Why It’s Important To Be Sensitive When Asking About Kids
Emily Bingham, of Michigan, gained a lot of attention because of a Facebook post, about fertility, that went gone viral. In it, Emily explains why people might want to show some sensitivity and not ask others why they do not have kids.
We just wanted to take a moment to reflect on this message of Emily’s, because we think it is an important one. Here at YinOva, many of our patients come to us to enhance their fertility. Whether we’re helping them conceive naturally or using acupuncture to accompany their IVF treatments, we know how difficult, stressful, and polarizing even, this experience can be.
Emily posted an image of an ultrasound which was accompanied by the following caption:
“Hey everyone!!! Now that I got your attention with this RANDOM ULTRASOUND PHOTO I grabbed from a Google image search, this is just a friendly P.S.A. that people’s reproductive and procreative plans and decisions are none of your business. NONE OF YOUR BUSINESS. Before you ask the young married couple that has been together for seemingly forever when they are finally gonna start a family … before you ask the parents of an only-child toddler when a Little Brother or Little Sister will be in the works … before you ask a single 30-something if/when s/he plans on having children because, you know, clock’s ticking … just stop. Please stop. You don’t know who is struggling with infertility or grieving a miscarriage or dealing with health issues. You don’t know who is having relationship problems or is under a lot of stress or the timing just isn’t right. You don’t know who is on the fence about having kids or having more kids. You don’t know who has decided it’s not for them right now, or not for them ever.
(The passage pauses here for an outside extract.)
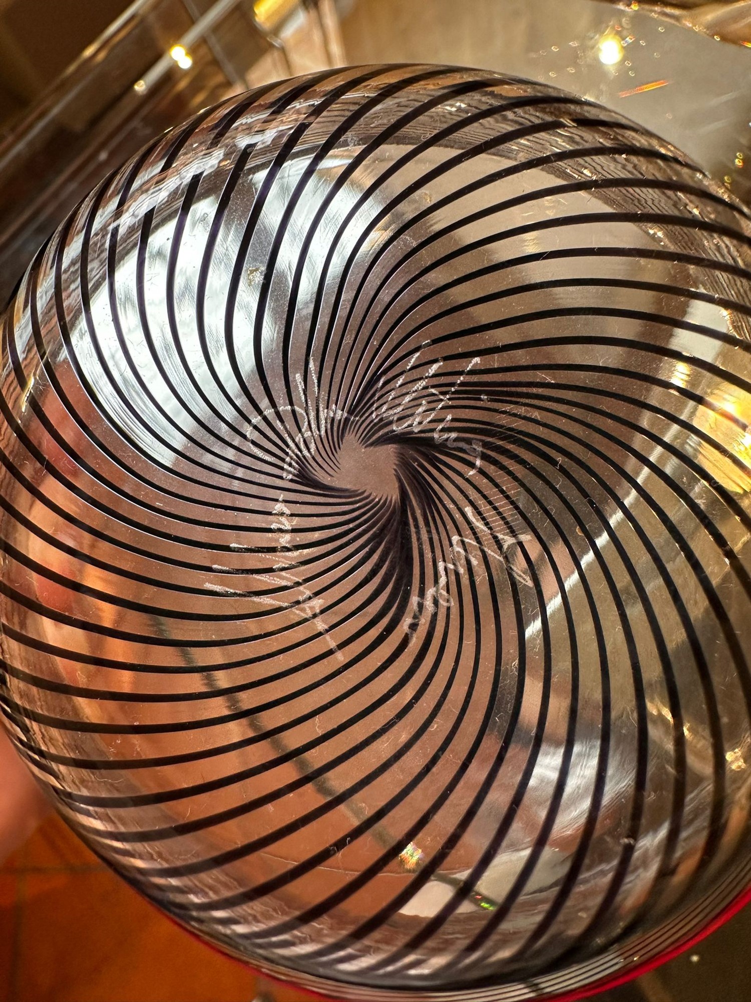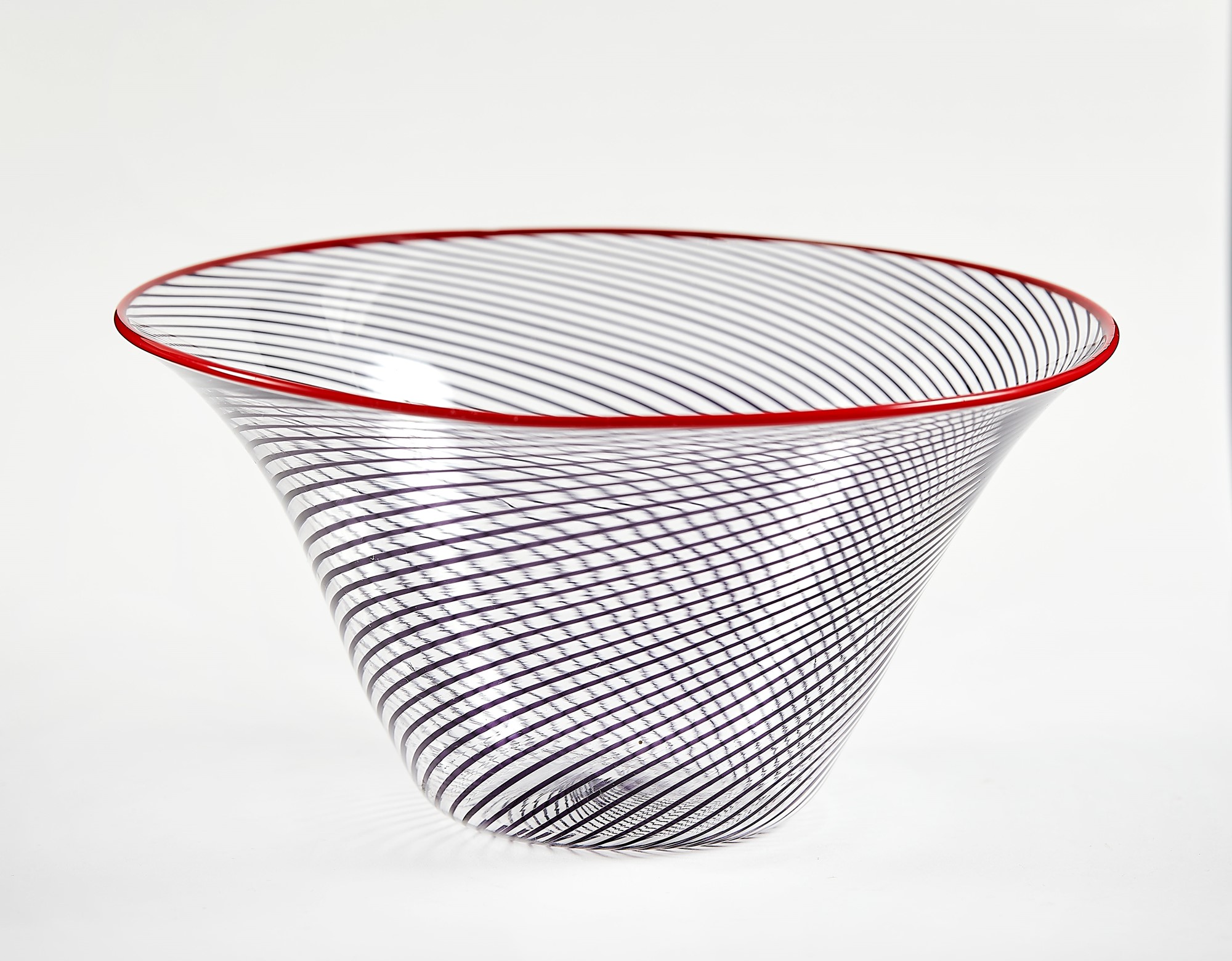 ADRIANO DALLA VALENTINA (Murano 1945) Vaso in vetro lavorato a canne con bordatura rossa. XX secolo, Italia. Cm 10x19. Sotto la base reca firma all'acido Adriano Dalla Valentina, Murano.

You don’t know how your seemingly innocent question might cause someone grief, pain, stress or frustration. Sure, for some people those questions may not cause any fraught feelings — but I can tell you, from my own experiences and hearing about many friends’ experiences — it more than likely does.
Bottom line: Whether you are a wanna-be grandparent or a well-intentioned friend or family member or a nosy neighbor, it’s absolutely none of your business. Ask someone what they’re excited about right now. Ask them what the best part of their day was. If a person wants to let you in on something as personal as their plans to have or not have children, they will tell you. If you’re curious, just sit back and wait and let them do so by their own choosing, if and when they are ready.”
Emily’s original post can be found here.
For some people, casually bringing up children might seem completely innocent and well intentioned; however, as Emily points out, for someone struggling with fertility issues it can be especially stressful as it brings up feelings of frustration, loss, and anxiety. It can be difficult enough to decide if you even want kids. If a couple does want children, then there’s the added layer of deciding when. If a couple who does want children then carries on to discover it might not be as easy as they had hoped, chances are extremely high that they will not want to then share the details of their often lengthy struggle with every person who asks.
Often couples trying to conceive are tasked with coordinating busy schedules, tracking ovulation, and undergoing extensive medical tests sometimes followed by disappointment month after month- and that’s just if you’re trying naturally. Those who require assisted reproductive technologies are managing bi-weekly doctors appointments, hormone injections, side effects of those medications, and the financial stressor of paying thousands of dollars for treatment. And again, there’s no guarantee that any one cycle will be successful.
Of course nobody intends to cause any distress when asking about baby plans, usually it’s just an inquiry from an excited relative, hoping to share the joy of a child, without realizing that sometimes there is a lot of grief and disappointment before that joy and excitement.
A good alternative? Well, Emily makes a great suggestion of asking about the best thing that’s happening right now, so that you can share in that excitement instead.